■ **Assignment**
Copy exactly the lines of the records below, and only those lines, beginning with the line that contains "Detail BOHOPANNA - SHORT" and ending with the line that contains "Автоматический выключатель 3P".

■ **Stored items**
Segment Open

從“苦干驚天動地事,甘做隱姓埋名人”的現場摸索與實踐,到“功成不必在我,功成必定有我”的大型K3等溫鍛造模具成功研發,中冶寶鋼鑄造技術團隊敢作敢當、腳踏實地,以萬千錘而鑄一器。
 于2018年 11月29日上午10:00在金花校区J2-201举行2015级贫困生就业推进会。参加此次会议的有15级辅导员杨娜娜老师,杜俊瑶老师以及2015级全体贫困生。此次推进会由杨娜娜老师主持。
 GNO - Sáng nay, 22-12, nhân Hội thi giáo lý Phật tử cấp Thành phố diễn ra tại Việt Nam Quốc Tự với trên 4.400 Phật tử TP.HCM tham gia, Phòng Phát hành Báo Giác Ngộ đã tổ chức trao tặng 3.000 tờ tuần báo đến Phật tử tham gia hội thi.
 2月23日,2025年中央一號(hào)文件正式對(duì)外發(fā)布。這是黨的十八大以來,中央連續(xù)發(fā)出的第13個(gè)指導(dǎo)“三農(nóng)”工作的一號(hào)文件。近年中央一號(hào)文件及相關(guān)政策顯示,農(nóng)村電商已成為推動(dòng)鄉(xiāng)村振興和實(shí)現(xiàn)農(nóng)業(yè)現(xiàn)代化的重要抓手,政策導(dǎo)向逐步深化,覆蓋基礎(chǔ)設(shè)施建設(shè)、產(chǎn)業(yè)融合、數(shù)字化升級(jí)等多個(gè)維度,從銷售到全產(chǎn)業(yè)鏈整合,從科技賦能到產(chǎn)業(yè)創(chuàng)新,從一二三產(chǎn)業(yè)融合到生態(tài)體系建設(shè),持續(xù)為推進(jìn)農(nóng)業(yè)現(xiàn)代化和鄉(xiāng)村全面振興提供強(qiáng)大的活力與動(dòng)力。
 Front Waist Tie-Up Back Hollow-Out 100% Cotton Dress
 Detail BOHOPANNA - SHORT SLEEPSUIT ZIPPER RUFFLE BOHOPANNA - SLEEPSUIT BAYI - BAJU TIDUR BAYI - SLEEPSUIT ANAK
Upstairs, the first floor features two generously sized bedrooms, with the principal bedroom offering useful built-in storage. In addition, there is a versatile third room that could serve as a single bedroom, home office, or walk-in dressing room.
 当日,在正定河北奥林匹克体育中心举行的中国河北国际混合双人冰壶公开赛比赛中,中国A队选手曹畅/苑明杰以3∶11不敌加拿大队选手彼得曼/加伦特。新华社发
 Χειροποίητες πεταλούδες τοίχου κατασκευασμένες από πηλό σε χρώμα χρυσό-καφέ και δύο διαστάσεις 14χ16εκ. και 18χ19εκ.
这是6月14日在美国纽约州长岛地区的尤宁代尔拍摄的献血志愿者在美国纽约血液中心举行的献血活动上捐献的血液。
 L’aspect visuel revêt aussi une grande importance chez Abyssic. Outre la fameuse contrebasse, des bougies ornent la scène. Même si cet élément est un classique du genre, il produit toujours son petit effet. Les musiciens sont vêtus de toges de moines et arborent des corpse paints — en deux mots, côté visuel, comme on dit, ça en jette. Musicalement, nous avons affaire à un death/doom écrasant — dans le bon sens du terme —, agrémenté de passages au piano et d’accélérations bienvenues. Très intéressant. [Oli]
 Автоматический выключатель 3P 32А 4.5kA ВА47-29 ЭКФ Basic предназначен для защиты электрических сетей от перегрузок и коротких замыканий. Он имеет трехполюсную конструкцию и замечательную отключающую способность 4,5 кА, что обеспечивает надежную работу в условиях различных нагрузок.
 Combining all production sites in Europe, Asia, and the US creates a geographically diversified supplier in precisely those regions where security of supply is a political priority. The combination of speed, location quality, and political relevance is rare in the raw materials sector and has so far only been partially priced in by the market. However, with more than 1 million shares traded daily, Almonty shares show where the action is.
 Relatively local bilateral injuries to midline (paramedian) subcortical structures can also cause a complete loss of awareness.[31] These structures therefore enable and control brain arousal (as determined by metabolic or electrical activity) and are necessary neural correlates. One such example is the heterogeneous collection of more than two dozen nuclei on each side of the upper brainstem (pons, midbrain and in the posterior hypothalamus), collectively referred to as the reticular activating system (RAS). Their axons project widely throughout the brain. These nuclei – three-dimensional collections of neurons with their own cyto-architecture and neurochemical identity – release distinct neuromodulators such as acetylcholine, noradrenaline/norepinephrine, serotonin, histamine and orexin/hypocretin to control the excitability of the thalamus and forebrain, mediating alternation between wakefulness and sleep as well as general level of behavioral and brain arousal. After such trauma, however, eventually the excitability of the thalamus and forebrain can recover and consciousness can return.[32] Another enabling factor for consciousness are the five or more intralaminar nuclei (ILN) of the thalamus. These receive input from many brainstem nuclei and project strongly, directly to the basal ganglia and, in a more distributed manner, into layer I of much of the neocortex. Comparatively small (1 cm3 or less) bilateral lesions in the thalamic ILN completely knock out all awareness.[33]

Segment Closed

■ **Solution below**
 Detail BOHOPANNA - SHORT SLEEPSUIT ZIPPER RUFFLE BOHOPANNA - SLEEPSUIT BAYI - BAJU TIDUR BAYI - SLEEPSUIT ANAK
Upstairs, the first floor features two generously sized bedrooms, with the principal bedroom offering useful built-in storage. In addition, there is a versatile third room that could serve as a single bedroom, home office, or walk-in dressing room.
 当日,在正定河北奥林匹克体育中心举行的中国河北国际混合双人冰壶公开赛比赛中,中国A队选手曹畅/苑明杰以3∶11不敌加拿大队选手彼得曼/加伦特。新华社发
 Χειροποίητες πεταλούδες τοίχου κατασκευασμένες από πηλό σε χρώμα χρυσό-καφέ και δύο διαστάσεις 14χ16εκ. και 18χ19εκ.
这是6月14日在美国纽约州长岛地区的尤宁代尔拍摄的献血志愿者在美国纽约血液中心举行的献血活动上捐献的血液。
 L’aspect visuel revêt aussi une grande importance chez Abyssic. Outre la fameuse contrebasse, des bougies ornent la scène. Même si cet élément est un classique du genre, il produit toujours son petit effet. Les musiciens sont vêtus de toges de moines et arborent des corpse paints — en deux mots, côté visuel, comme on dit, ça en jette. Musicalement, nous avons affaire à un death/doom écrasant — dans le bon sens du terme —, agrémenté de passages au piano et d’accélérations bienvenues. Très intéressant. [Oli]
 Автоматический выключатель 3P 32А 4.5kA ВА47-29 ЭКФ Basic предназначен для защиты электрических сетей от перегрузок и коротких замыканий. Он имеет трехполюсную конструкцию и замечательную отключающую способность 4,5 кА, что обеспечивает надежную работу в условиях различных нагрузок.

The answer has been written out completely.